### [RECORDED DATA]
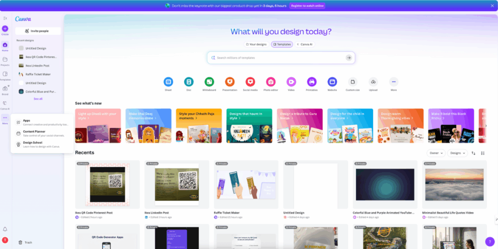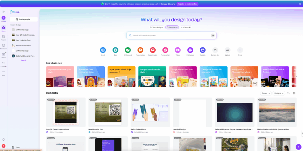 Once logged in, you’ll land on the Canva home dashboard, where you can access all your recent designs and templates.
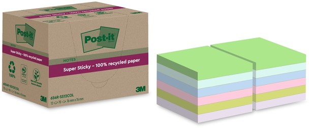 Stel een vraag over Memoblok Post-it 654 RSS12COL 76x76mm recycled colour notes pastel 12 stuks
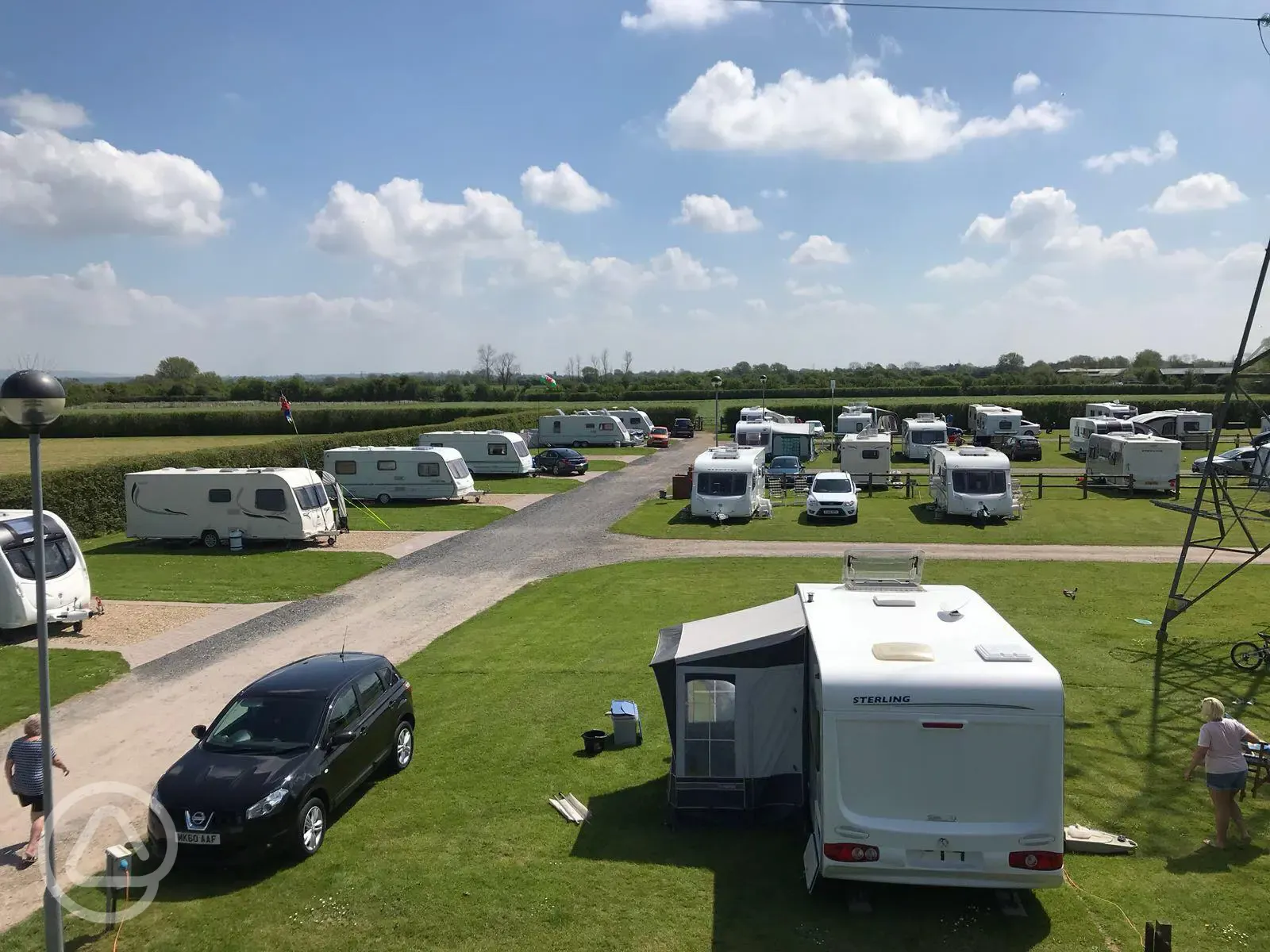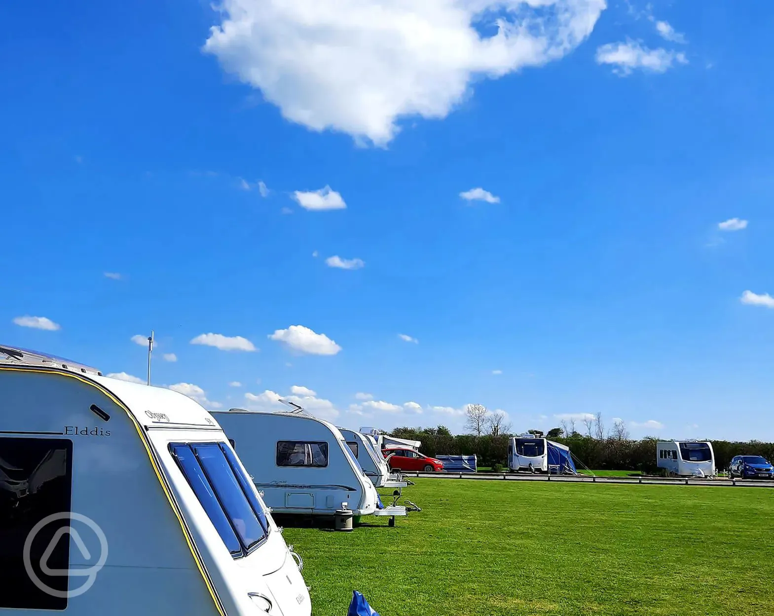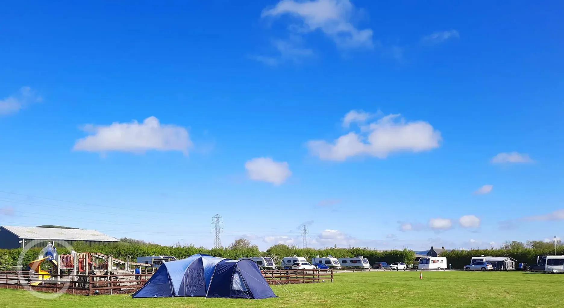 Grass pitches catering for tents or tourers. Electric grass pitches located in separate field onsite.
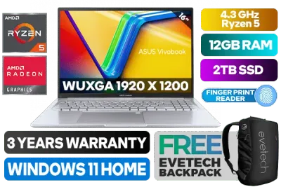 ASUS Vivobook 16 M1605YA AMD Ryzen 5 7430U up to 4.3GHz Processor with AMD Max Boost Clock Technology, 19MB Cache, 6x Cores, 12x Threads / 12GB DDR4 RAM / 2TB Ultra-Fast NVMe SSD / 16" WUXGA (1920 x 1200) Anti-glare Display / Integrated AMD Radeon™ Graphics / Windows 11 Home (64bit) / No DVD Writer Included / Wi-Fi 6E MediaTek MT7902 Wireless LAN / Bluetooth 5.1 / HD Web Camera With Privacy Shutter / 2x USB 3.2 Type-A / 1x USB 2.0 / 1x USB 3.2 Type-C / 1x HDMI / 1x Audio In And Out Combo Jack / White Backlit Chiclet Keyboard / Finger Print Reader / SonicMaster Audio / ASUS Vivobook 16 M1605YA Ryzen 5 Laptop DealASUS Vivobook 16 M1605YA AMD Ryzen 5 7430U up to 4.3GHz Processor with AMD Max Boost Clock Technology, 19MB Cache, 6x Cores, 12x Threads / 12GB DDR4 RAM / 2TB Ultra-Fast NVMe SSD / 16" WUXGA (1920 x 1200) Anti-glare Display / Integrated AMD Radeon™ Graphics / Windows 11 Home (64bit) / No DVD Writer Included / Wi-Fi 6E MediaTek MT7902 Wireless LAN / Bluetooth 5.1 / HD Web Camera With Privacy Shutter / 2x USB 3.2 Type-A / 1x USB 2.0 / 1x USB 3.2 Type-C / 1x HDMI / 1x Audio In And Out Combo Jack / White Backlit Chiclet Keyboard / Finger Print Reader / SonicMaster Audio / ASUS Vivobook 16 M1605YA Ryzen 5 Laptop Deal [M1605YA-5810S0W/12GB/2TB] / 3 YEARS WARRANTY / [+] GET FREE EVETECH NEO Premium Gaming Backpack+ FREE DELIVERY !

### [GOAL OF THE EXERCISE]
Your task is to repeat the data above exactly while excluding the pictures.

### [RESULT FOR THIS TASK]
 Once logged in, you’ll land on the Canva home dashboard, where you can access all your recent designs and templates.
 Stel een vraag over Memoblok Post-it 654 RSS12COL 76x76mm recycled colour notes pastel 12 stuks
 Grass pitches catering for tents or tourers. Electric grass pitches located in separate field onsite.
 ASUS Vivobook 16 M1605YA AMD Ryzen 5 7430U up to 4.3GHz Processor with AMD Max Boost Clock Technology, 19MB Cache, 6x Cores, 12x Threads / 12GB DDR4 RAM / 2TB Ultra-Fast NVMe SSD / 16" WUXGA (1920 x 1200) Anti-glare Display / Integrated AMD Radeon™ Graphics / Windows 11 Home (64bit) / No DVD Writer Included / Wi-Fi 6E MediaTek MT7902 Wireless LAN / Bluetooth 5.1 / HD Web Camera With Privacy Shutter / 2x USB 3.2 Type-A / 1x USB 2.0 / 1x USB 3.2 Type-C / 1x HDMI / 1x Audio In And Out Combo Jack / White Backlit Chiclet Keyboard / Finger Print Reader / SonicMaster Audio / ASUS Vivobook 16 M1605YA Ryzen 5 Laptop DealASUS Vivobook 16 M1605YA AMD Ryzen 5 7430U up to 4.3GHz Processor with AMD Max Boost Clock Technology, 19MB Cache, 6x Cores, 12x Threads / 12GB DDR4 RAM / 2TB Ultra-Fast NVMe SSD / 16" WUXGA (1920 x 1200) Anti-glare Display / Integrated AMD Radeon™ Graphics / Windows 11 Home (64bit) / No DVD Writer Included / Wi-Fi 6E MediaTek MT7902 Wireless LAN / Bluetooth 5.1 / HD Web Camera With Privacy Shutter / 2x USB 3.2 Type-A / 1x USB 2.0 / 1x USB 3.2 Type-C / 1x HDMI / 1x Audio In And Out Combo Jack / White Backlit Chiclet Keyboard / Finger Print Reader / SonicMaster Audio / ASUS Vivobook 16 M1605YA Ryzen 5 Laptop Deal [M1605YA-5810S0W/12GB/2TB] / 3 YEARS WARRANTY / [+] GET FREE EVETECH NEO Premium Gaming Backpack+ FREE DELIVERY !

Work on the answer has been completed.